We introduce SmolDocling, an ultra-compact vision-language model targeting end-to-end document conversion. Our model comprehensively processes entire pages by generating DocTags, a new universal...
✨VideoRAG: Retrieval-Augmented Generation with Extreme Long-Context Videos
📝 Summary:
VideoRAG enhances large language models for multi-modal video processing with a dual-channel architecture that integrates textual knowledge grounding and multi-modal context encoding.

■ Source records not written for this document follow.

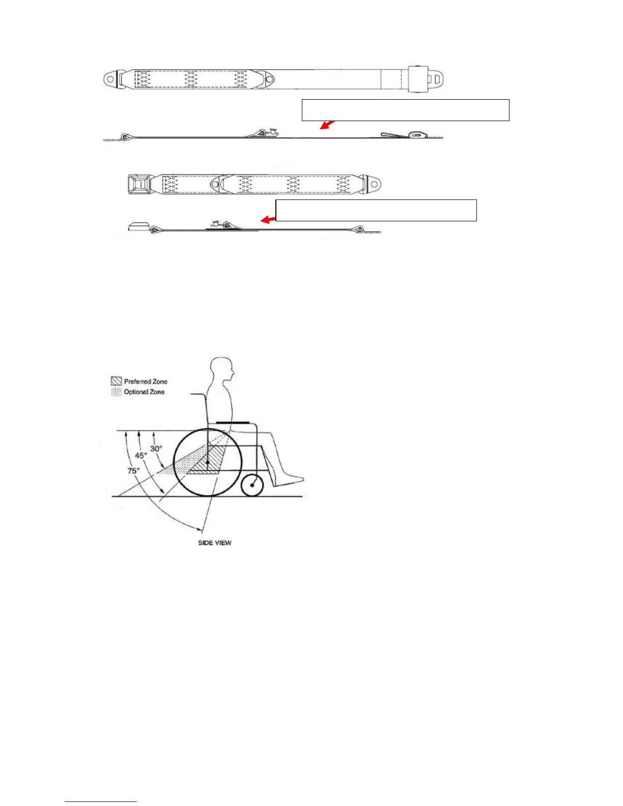 Belt restraints should not be routed outside of the wheelchair wheels or over the wheelchair arm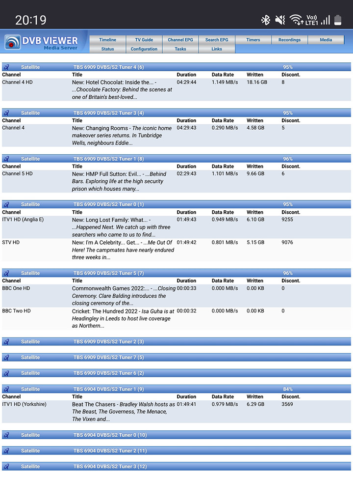 Phattz88 Posted December 6, 2022 Posted December 6, 2022 Hi, I currently have a Freesat setup with TBS 6909 & TBS 6904 and a standard 43cm sky dish. For the past 3 weeks I've been having problems where randomly channels will disappear (BBC1HD, BBC2HD) and basically work when they want to. Today for example BBC1HD was working this morning but now all I get is a blank screen, the signal shows around 96%. Other channels will constantly glitch (ITV1 seems to be most affected atm for glitching, I've also tried different regions) I thought this might be a dish issue and have had 2 installers out to check and they both basically say the same thing (signal is ok at the dish and the other end of the cables) but can't say why I'm having problems. To rule out a hardware fault I have tried different tuners on different cards, full rescan ect but no fix. I set some timers last night to check and as you can see from the attachment, All 3 ITV1 channels were unwatchable and BBC channels didn't start (would randomly start through the night for a few minutes but than stop, the recording folder had about 1.5GB of multiple .ts files) Any ideas as to what might be my problem please? support.zip Quote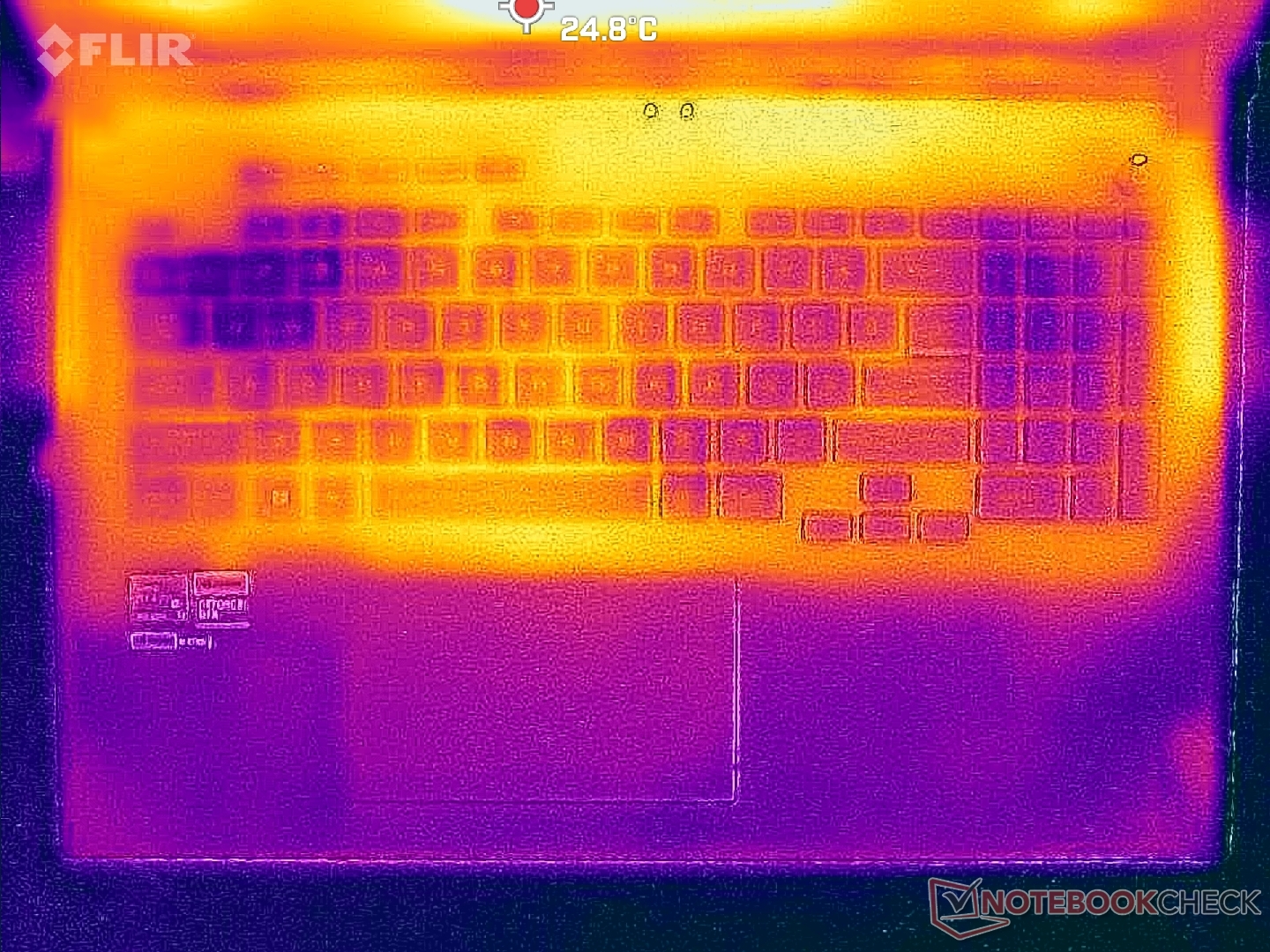 (+) The palmrests and touchpad are cooler than skin temperature with a maximum of 20.8 °C / 69.4 F and are therefore cool to the touch.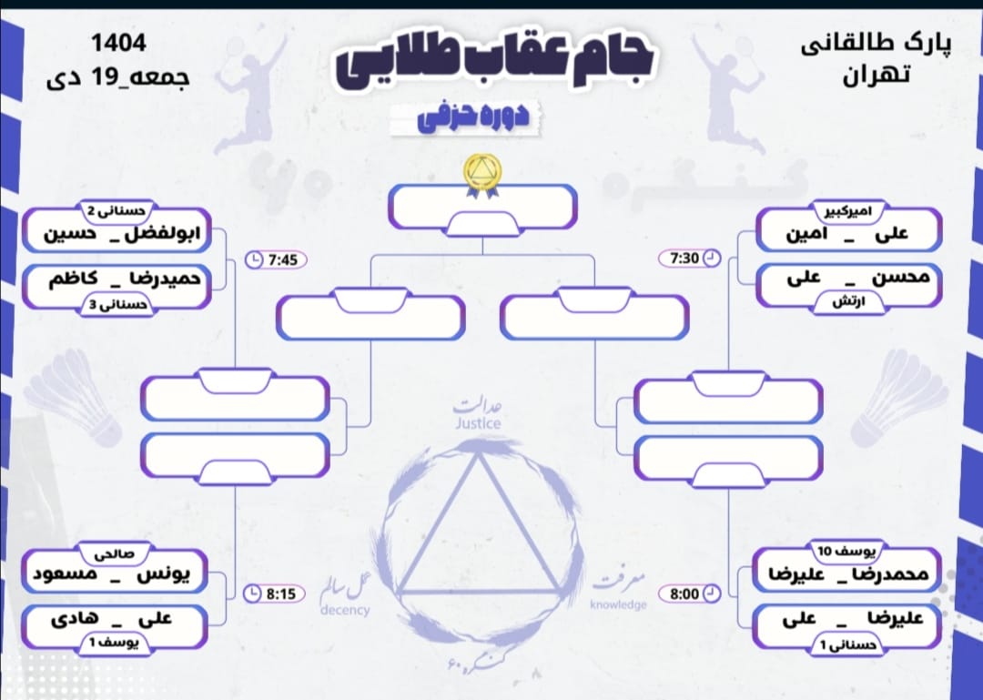 برگزاری دوره حذفی مسابقات بدمینتون جام عقاب طلایی پارک طالقانی تهران روز جمعه مورخ 1404/10/19 برگزار خواهد شد.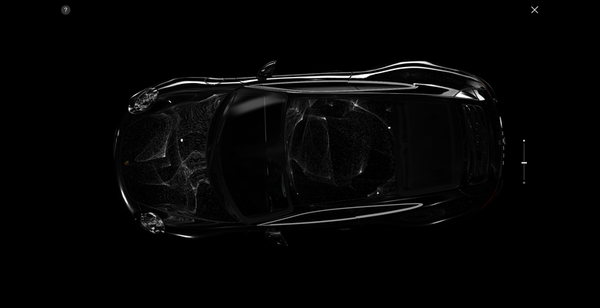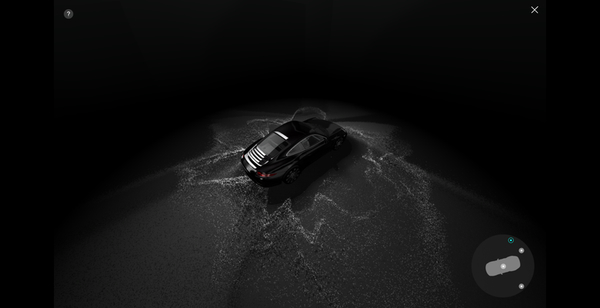 画面の右下のほうにある車体を上から眺めたようなシルエットのインターフェースはカメラの位置を表していて、様々な角度からパーティクルと車体を眺めることができるようになっています。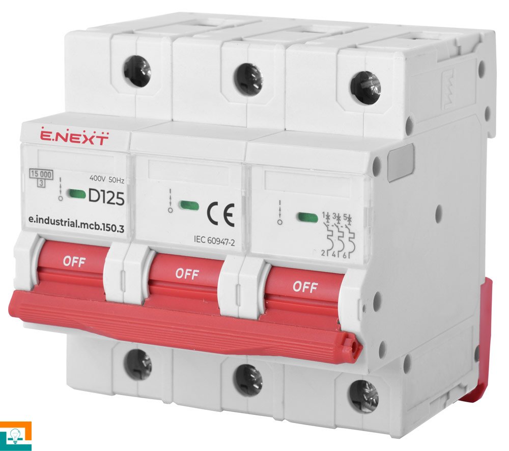 ВИМИКАЧ АВТОМАТИЧНИЙ 3-полюсний E.Next 15кА e.industrial.mcb.150.3.D.125 i0630012

AI-generated sum...
🔹 Publication Date: Published on Feb 3, 2025
🔹 Paper Links:
• arXiv Page: https://arxiv.org/abs/2502.01549
• PDF: https://arxiv.org/pdf/2502.01549
• Github: https://github.com/hkuds/videorag
==================================
For more data science resources:
✓ https://t.me/DataScienceT
#AI #DataScience #MachineLearning #HuggingFace #Research
📝 Summary:
VideoRAG enhances large language models for multi-modal video processing with a dual-channel architecture that integrates textual knowledge grounding and multi-modal context encoding. AI-generated sum...

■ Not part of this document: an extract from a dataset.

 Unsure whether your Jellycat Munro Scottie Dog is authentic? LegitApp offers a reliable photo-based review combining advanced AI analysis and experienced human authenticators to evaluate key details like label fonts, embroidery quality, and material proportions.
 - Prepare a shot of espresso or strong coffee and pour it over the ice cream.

🔹 Publication Date: Published on Feb 3, 2025
🔹 Paper Links:
• arXiv Page: https://arxiv.org/abs/2502.01549
• PDF: https://arxiv.org/pdf/2502.01549
• Github: https://github.com/hkuds/videorag
==================================
For more data science resources:
✓ https://t.me/DataScienceT
#AI #DataScience #MachineLearning #HuggingFace #Research
✨Agent READMEs: An Empirical Study of Context Files for Agentic Coding
📝 Summary:
Agentic coding tools receive goals written in natural language as input, break them down into specific tasks, and write or execute the actual code with minimal human intervention. Central to this proc...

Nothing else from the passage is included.